Nous avons suffisamment souffert pour savoir qu’il faut quelque chose de vraiment très grave pour nous gâcher la journée. Pour le reste, nous devons nous souvenir d’être reconnaissantes envers la vie.
En quoi votre lien a-t-il joué un rôle clé pour transformer une crise en opportunité ? Votre #sisterhood mêle amour familial et collaboration professionnelle. Travailler ensemble est-il parfois difficile?
Notre lien est tout. Nous sommes complètement différentes, tant physiquement que par notre caractère, mais nos âmes se complètent si bien que nous ne pouvons envisager de vivre ni de travailler l’une sans l’autre. Nous avons traversé des moments difficiles, mais même dans la douleur, nous avons trouvé un équilibre : dans les journées les plus dures, l’une de nous se permettait de souffrir pendant que l’autre devait être forte pour deux. Nous nous sommes toujours soutenues, comme un pacte né naturellement, sans besoin de beaucoup de mots.
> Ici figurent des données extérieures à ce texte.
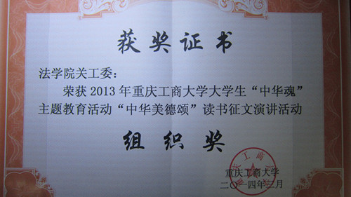 喜报—我院关工委荣获2013年太阳集团tyc9728大学生“中华魂”主题教育活动“中华美德颂”读书征文演讲活动组织奖
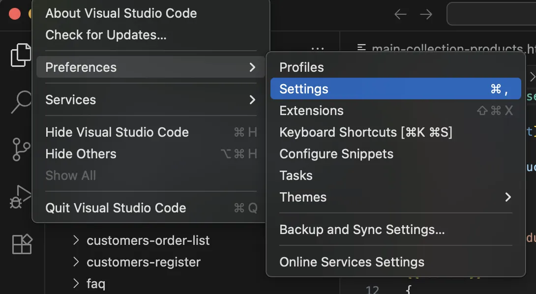 Go to Preferences > Settings.

Lorsque nous travaillons, nous ne sommes pas seulement des collègues, nous sommes des sœurs, des amies, des complices dans la vie.
Et même quand le travail est exigeant, nous ne le percevons jamais comme un fardeau, car c’est quelque chose qui nous rend heureuses, qui nous donne un sentiment d’appartenance, une idée de mission.
Face aux difficultés du quotidien, nous nous regardons et sourions : nous pensons à ce que nous avons vécu, à la manière dont nous l’avons transformé. Tant que nous sommes ensemble, rien n’est un problème, nous n’avons que des solutions.
Nous avons traversé des moments difficiles, mais même dans la douleur, nous avons trouvé un équilibre. Face aux difficultés, nous nous regardons et sourions : tant que nous sommes ensemble, nous n’avons que des solutions.
Qu’est-ce qui vous pousse chaque jour et quel changement cherchez-vous à insuffler avec @Cosmos?
Nous rêvons d’un monde guidé par la joie, la bienveillance et la passion. Ce que nous proposons, à notre niveau, c’est de créer des espaces où l’on se traite avec plus d’amour et d’attention. Chaque jour, dans notre boutique et notre atelier, nous mettons tout en œuvre pour cela : en répondant à l’étreinte d’un client, en offrant un mot de réconfort, en redonnant sa dignité à l’artisanat. Parfois, en offrant une corne porte-bonheur, car même ceux qui n’y croient pas, au-delà de l’objet, peuvent ressentir la beauté d’un geste sincère. Aujourd’hui, nous avons le privilège de faire un travail qui nous rend heureuses, mais nous savons très bien ce que c’est de traverser l’enfer. C’est pourquoi, chaque jour, nous voulons transmettre un message empreint de positivité. Parce que l’amour est un langage universel et notre travail n’est pas seulement de l’artisanat : c’est une façon de diffuser cet amour dans le monde.
Nous rêvons d’un monde guidé par la joie, la bienveillance et la passion. Parce que l’amour est un langage universel et notre travail n’est pas seulement de l’artisanat : c’est une façon de répandre cet amour dans le monde.